Happy Friday, everyone! I hope you all had a Merry Christmas! With the New Year right around the corner, lots of people are gearing up for resolutions and goals, many of which involve exercising more, eating better and losing weight. Perhaps some of you got a new activity tracker for Christmas. If you did, or if you already had one, today’s post will tell you how accurate those trackers are and how you can get the most out of yours.
Last week the American Council on Exercise released the results from a study it sponsored that looked at how accurate four different brands of activity trackers are. The brands they studied were the Jawbone Up, the Nike Fuelband, the Fitbit Ultra and the Adidas MiCoach. The study, conducted at the University of Wisconsin, Lacrosse’s Exercise Physiology lab, compared data from each tracker against data gathered from a medical-grade metabolic analyzer and hand-counted steps (considered to be the only truly accurate method of step-counting).
The study’s findings were a bit eye-opening to me. The researchers found that, regardless of brand, the devices did a pretty good job of tracking steps when participants were running, walking or using an elliptical machine. They didn’t fare very well, however, when participants were doing sports-related exercises (ladder drills, shooting free throws, doing lay-ups, etc.)

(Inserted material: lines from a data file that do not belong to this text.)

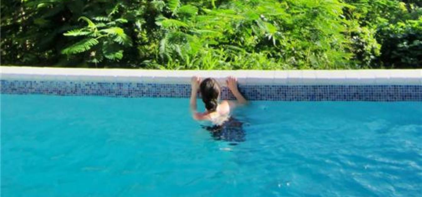 Outside there is a 33 ft salt water swimming pool with plenty of outdoor space for relaxing in the sunshine and a beautiful tropical garden.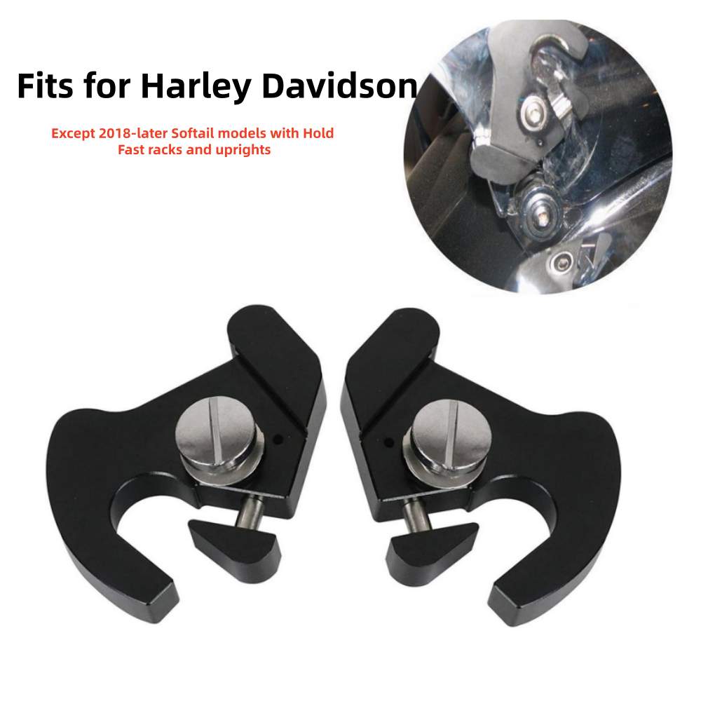 The luggage rack latch clips fit for all Harley Davidson Softail Sportster Touring with detachable sissy bar backrest and Luggage Racks. (Except 2018-later Softail models with Hold Fast racks and uprights)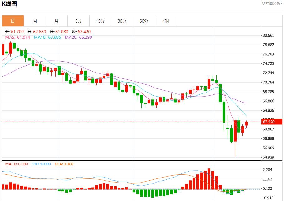 Pasar minyak mentah: Sehingga 20:18 Beijing, minyak A.S. meningkat, kini pada 62.410, peningkatan sebanyak 1.48%. Sebelum New York, harga minyak mentah meningkat dalam perdagangan intraday baru-baru ini, mencabar tahap rintangan utama $ 61.50, disokong oleh kemunculan gelombang pembetulan kenaikan harga jangka pendek dan kemunculan isyarat positif dari indeks kekuatan relatif (RSI). Walau bagaimanapun, harga juga menghadapi halangan yang kuat, iaitu rintangan EMA50.
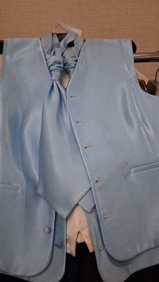 Conjunto de chaleco y corbatón en tono azul claro. - Chaleco de vestir con botones. - Corbatón a juego. (Preguntar otras tallas)

Disappointingly, another area of significant inaccuracy was in the calorie-estimating department. Depending on the activity, the trackers either over-estimated or under-estimated calorie burn by dozens of calories. They were all fairly close when subjects were walking, over-estimating by only a few calories for 20 minutes of activity, but when the pace quickened to a jog, the trackers over-estimated calories by anywhere from 20 to nearly 50 calories. When participants used the elliptical machine or did agility drills, however, the trackers underestimated calories somewhat. Of the four brands tested, the FitBit Ultra performed the best in terms of accuracy of both steps tracked and calories burned, but only by a small margin.

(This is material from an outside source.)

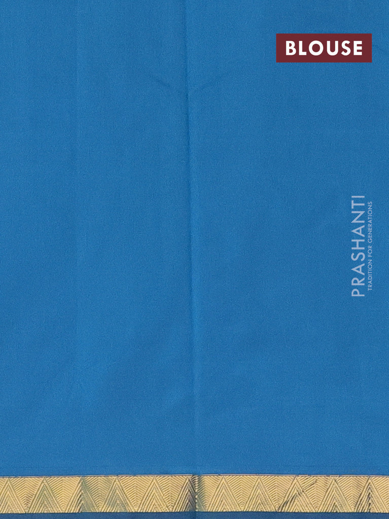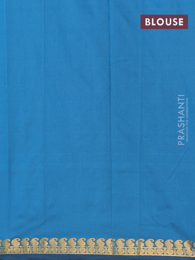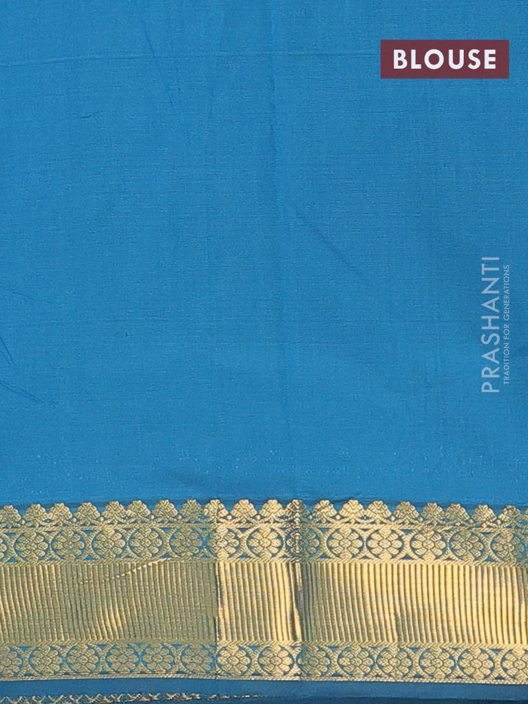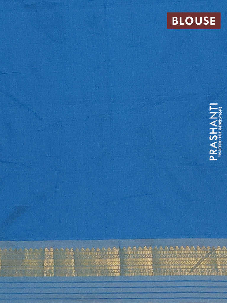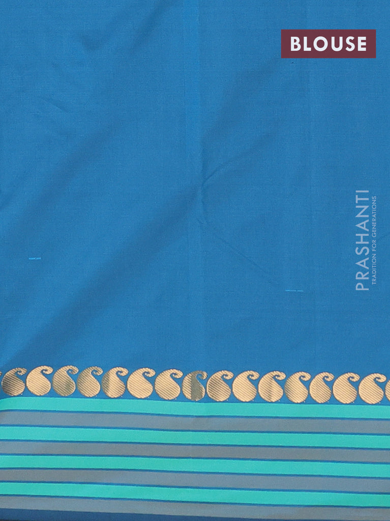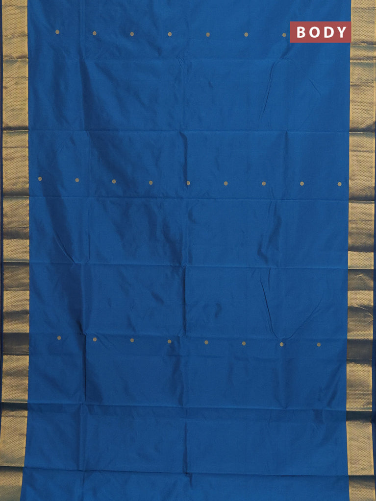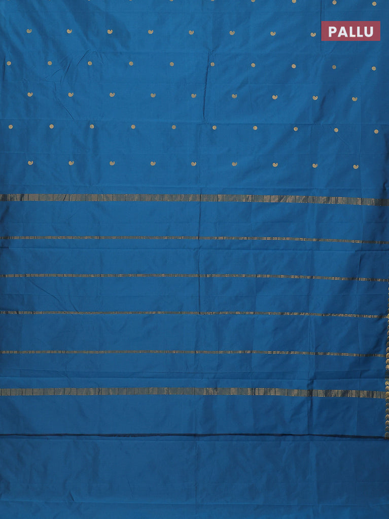 Arani semi silk saree peacock blue with zari woven thilak buttas and zari woven border

The take-away here is that you should definitely not use your device to determine how many leftover Christmas cookies you can have. What these trackers are very good for, is motivating people to simply be more active. Earlier studies found that individuals who wear activity trackers are about 30 percent more active than those who don’t, and that’s a huge deal!
What’s great about that is you don’t even have to spend the money on a wearable device if you have a smart phone – you can download an app for a fraction of the cost, or even for free, that will serve the same basic function. These apps are even less accurate than the wearable devices, but they should be consistent enough from day to day to inspire users to get in more steps and other activity.

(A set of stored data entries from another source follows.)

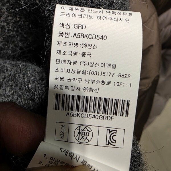 제조자 : (주)참신어패럴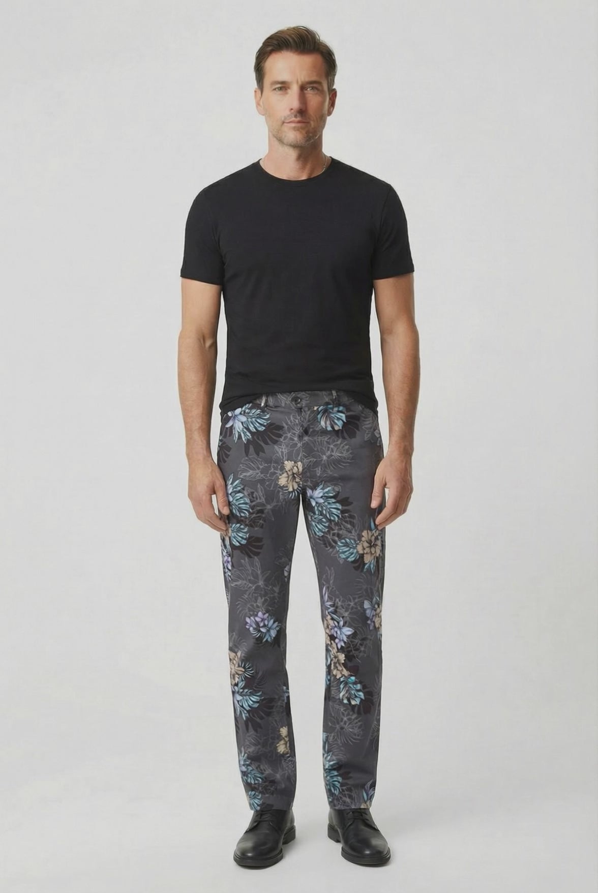 JACK EXOTIC FLORAL BLACK MENS FLAT FRONT PANT
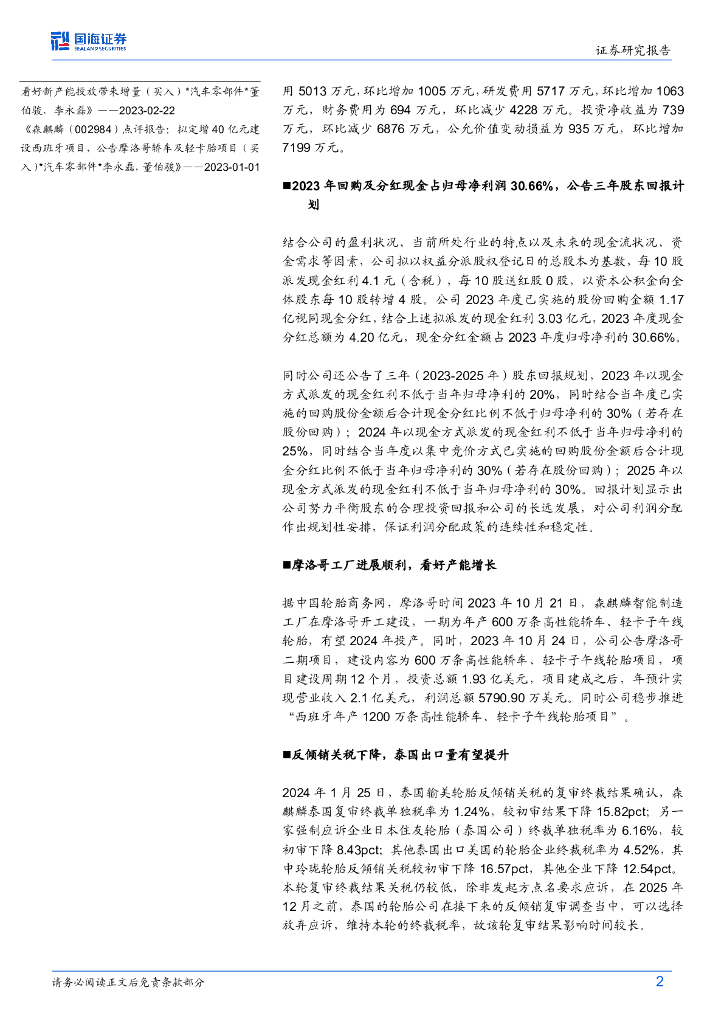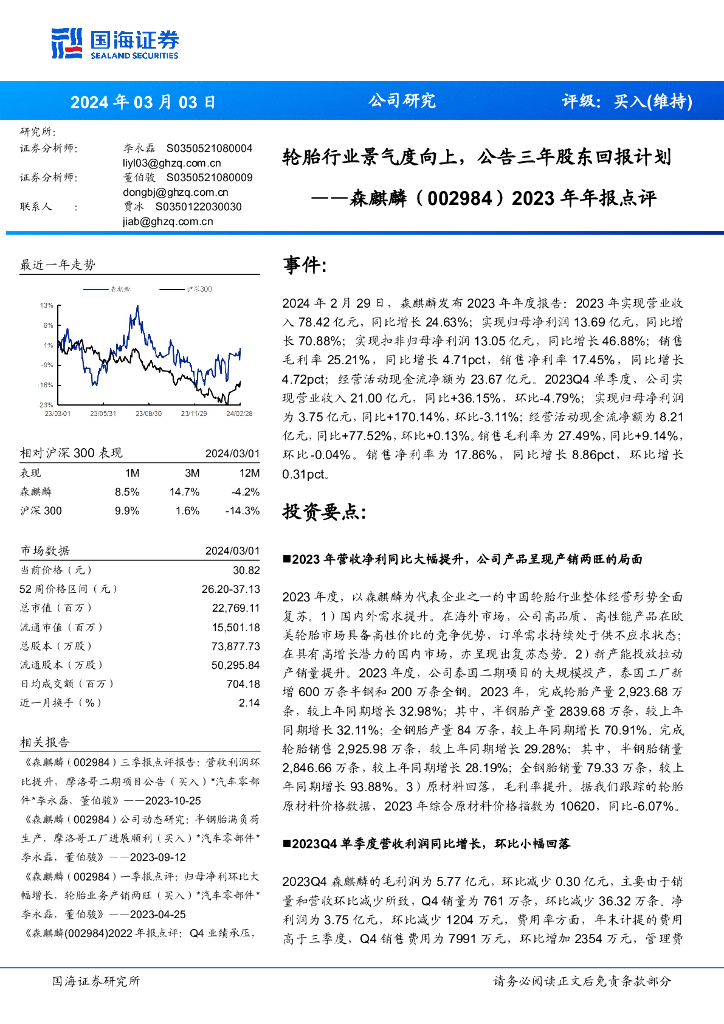 国海证券:森麒麟(002984)-2023年年报点评:轮胎行业景气度向上,公告三年股东回报计划.pdf

If gadgets and gear inspire, you though, and you’re thinking of buying a tracker to help boost your fitness resolve in 2015, I highly encourage it! Just remember that the calorie data you get from it won’t be entirely accurate, so you shouldn’t use it to try to “balance” calories consumed. In fact, I recommend you don’t factor exercise calories into the weight loss equation at all. (I explain why in detail in my weight loss book, due for publication mid-2015.)
I’ll leave you with one last tip: Possibly the best way to use a tracker is as part of a group. I highly recommend that you download and use the app associated with your device and add as many friends to your network as you can. By making your activity results semi-public, you’ll have an added layer of accountability and incentive to keep moving!